Xenophobia and Indiana Privatization
Indiana Writers Group column for Jan. 31 and thereafter
by T. Norman Van Cott
Dictionaries define xenophobia as fear or hatred of things strange and foreign, including people. In the economic realm, xenophobia manifests itself in animosity toward imports and immigrants. Foreign investors are two-headed monsters for economic xenophobes. Not only are foreign investors the source of capital imports (ugh), the foreign managerial-entrepreneurial skills that often accompany capital imports mean immigrants (ugh) lurk behind the investment.
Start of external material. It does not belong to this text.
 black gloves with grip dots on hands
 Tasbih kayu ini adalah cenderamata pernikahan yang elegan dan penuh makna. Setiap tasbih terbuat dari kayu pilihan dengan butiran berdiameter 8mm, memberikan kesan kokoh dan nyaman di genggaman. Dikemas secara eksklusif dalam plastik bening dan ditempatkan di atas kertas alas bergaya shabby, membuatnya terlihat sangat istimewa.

This double-edged xenophobia fuels much of the opposition to last year’s 10-year transportation investment plan for Indiana. The plan involved, among other things, the state leasing its toll road in northern Indiana to a Spanish-Austrialian group for 75 years, and the state receiving $3.85 billion in up-front cash. The legislation also authorized future road privatization projects, with no restrictions on the nationality of the road-management organizations.
A legal challenge to the lease occurred almost before the ink was dry on the legislation and other challenges can be expected. That, along with the prospect of future road privatization, means the issue is likely to be a continuing one for Hoosiers. If Hoosiers follow the lead of the xenophobes, letting the nationality of the firms administering the roads trump thinking, they’ll be consigning themselves to lower living standards.
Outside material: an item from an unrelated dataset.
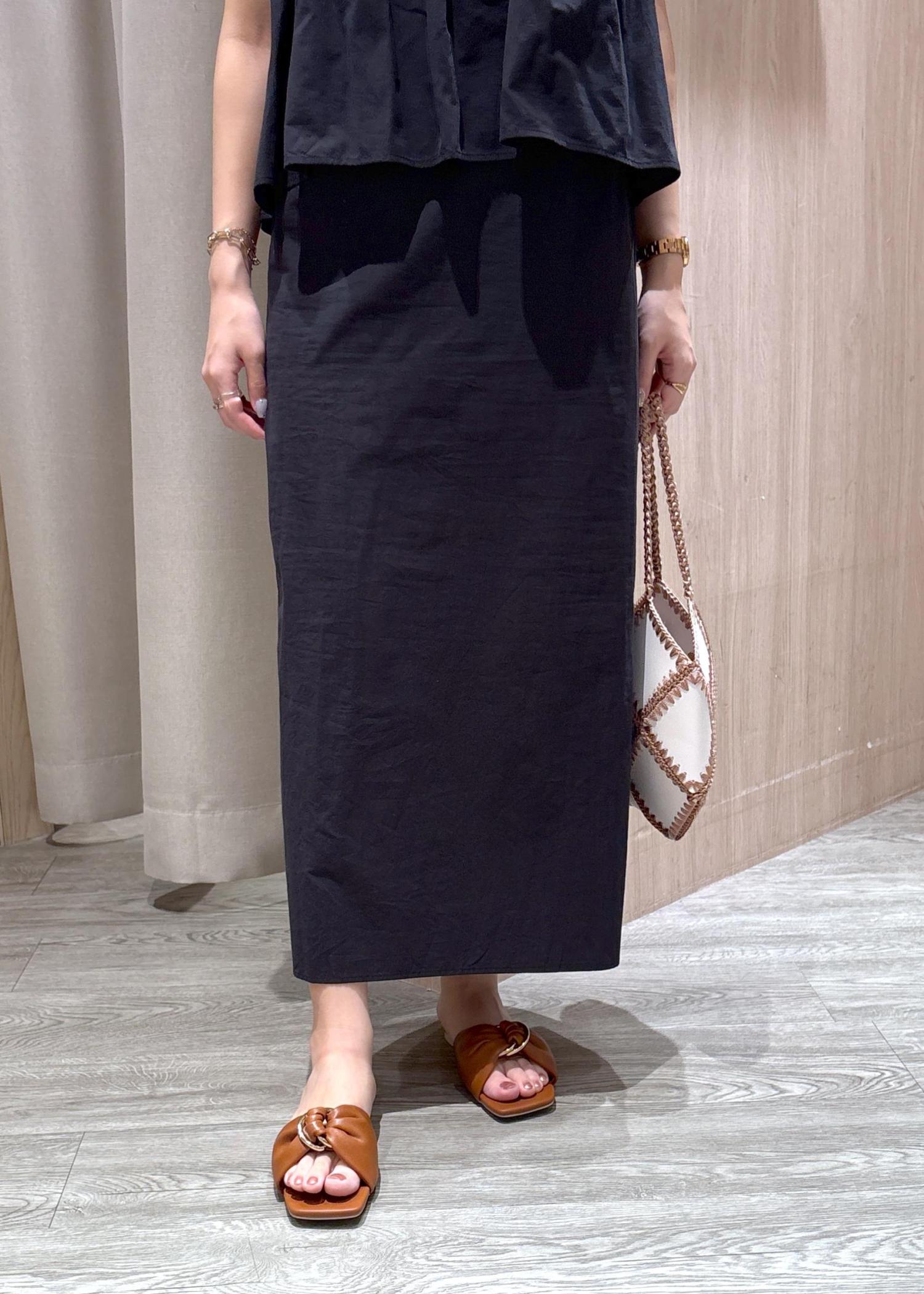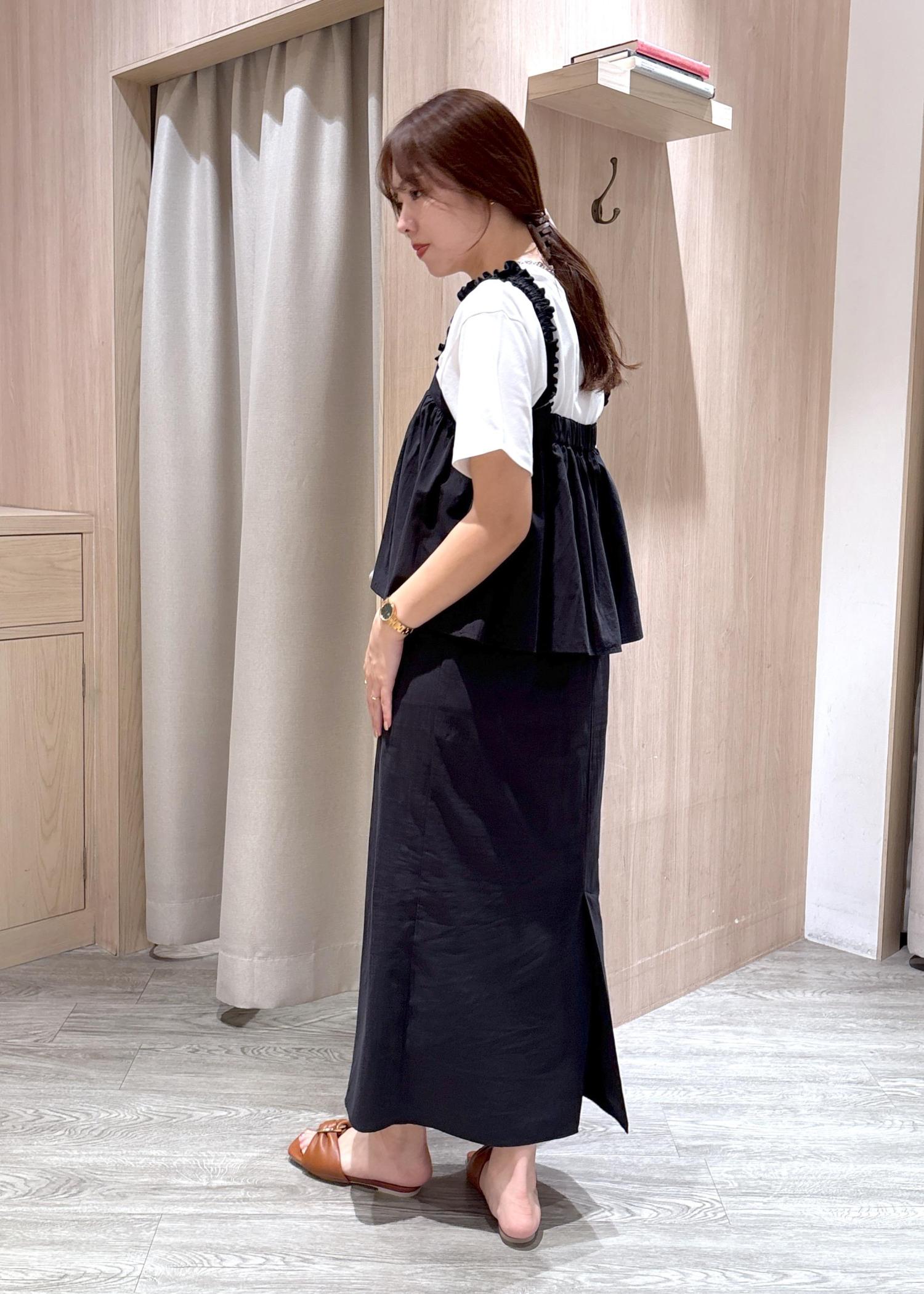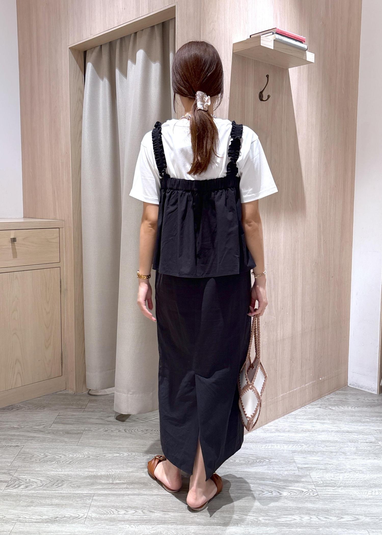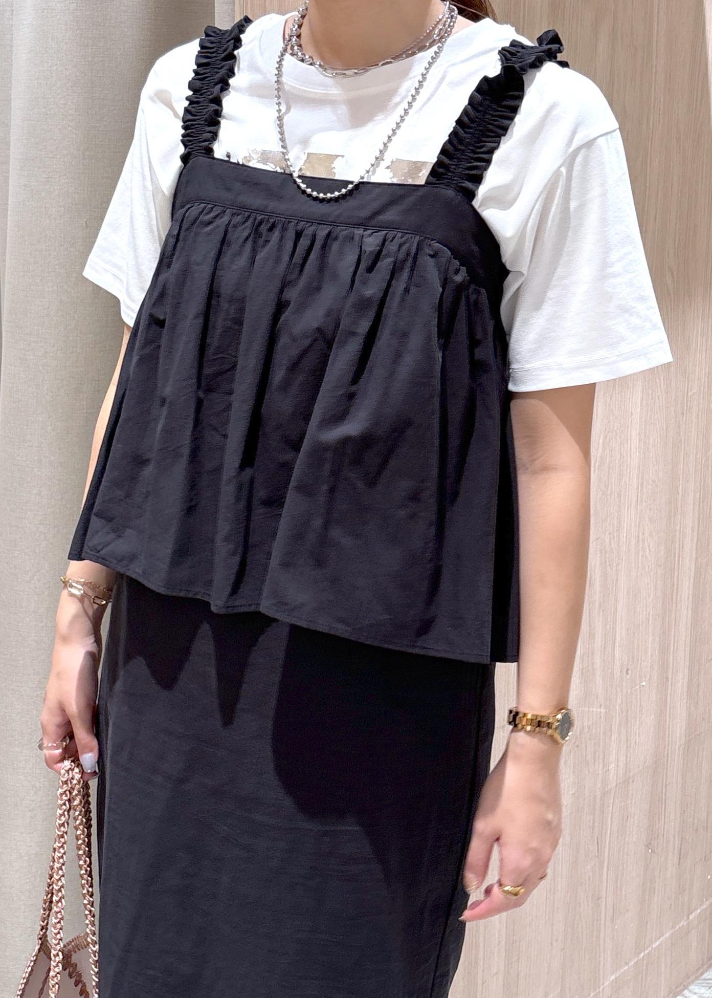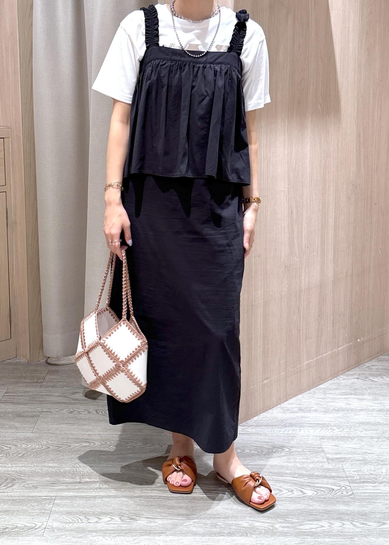 Tシャツを合わせることでフェミニンすぎずカジュアルなスタイルに!

A good way to avoid the xenophobes’ rabbit trail is to ask a simple question. Namely, why was the Spanish-Austrialian consortium, known as Macquarie-Cintra (MC), able to submit the high bid for the toll road? The consortium, a profit-seeking entity, was obviously not in business to squander its wealth. Like it or not, MC’s management procedures must have been superior to its counterparts, foreign or domestic, when it came to increasing the road’s value to drivers relative to its operating costs.
Though the company expects to gain as a result of its bid for the road, does that mean Hoosier living standards are undermined? Not at all. Hoosiers benefit in multiple ways. First, don’t forget that the state of Indiana was the recipient of MC’s bid. Accepting the highest bid meant the state had more funds with which to reduce taxes, expand state government services or retire debt. Were Indiana limited to accepting bids only from Indiana road management firms, or only U.S. road management firms, and these firms are well down the list of bidders, that would have meant taxes could not have been reduced as much; government services could not have been expanded as much; nor could as much state debt have been retired.
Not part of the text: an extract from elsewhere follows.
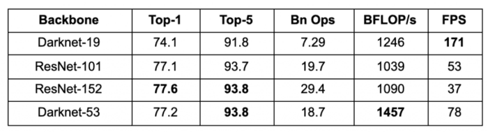 Darknet-53 network architecture is more potent than Darknet-19 and more efficient than ResNet-101 and ResNet-152. As shown in Table 2, Darknet-53 performs more billion floating-point operations per second than other backbone architectures, making it efficient. This also means the network structure better utilizes the GPU, making it more efficient to evaluate and thus faster. Furthermore, in terms of Top-1 and Top-5 image classification accuracy, Darknet-53 performs better than Darknet-19 and performs similar to ResNet. The below results are benchmarked on the ImageNet dataset, and inference is computed on a Titan X GPU.

Benefits to Hoosiers go far beyond bid differentials, however. To the extent MC’s added profitability owes to its ability to make the road more attractive to toll-road users, these drivers gain. Successful business ventures never capture all the gains arising from their product innovations. Indeed, sellers must offer buyers terms of sale that benefit buyers. Otherwise, buyers don’t buy.
Bill Gates, for example, didn’t become the world’s richest person appropriating all the social gains from his software. Quite the contrary, he became wealthy by conferring benefits, vast benefits, on his customers. It was no different with MC. The latter’s foreign origin is a red-herring as far as drivers benefiting from the company is concerned.
Less apparent, perhaps, was that Hoosiers gained in yet another way by being open to MC’s high bid for the toll road. To wit, Hoosier living standards will also be higher when the company’s higher profitability traces to its ability to operate the road at lower cost. Costs always represent sacrificed alternatives — that is, things given up.
MC’s lower cost meant it required fewer inputs — labor, capital, managerial and entrepreneurial — to operate the road. Those inputs released from road operation have alternative production capabilities. Opting for MC’s operation of the road enables Hoosiers to have the road along with more of other things. Were Hoosiers constrained to choosing among higher-cost Indiana (or U.S.) road-management firms, they’d be cutting themselves off from this source of higher living standards.
So was the MC offering Hoosiers a “free lunch?” No, just bigger helpings. Victory in the economic race goes to societies open to innovation and cost-reducing change. Economic xenophobia hinders access to these sources of economic progress. The xenophobes’ instincts, be it with roads or anything else, are bad for Indiana.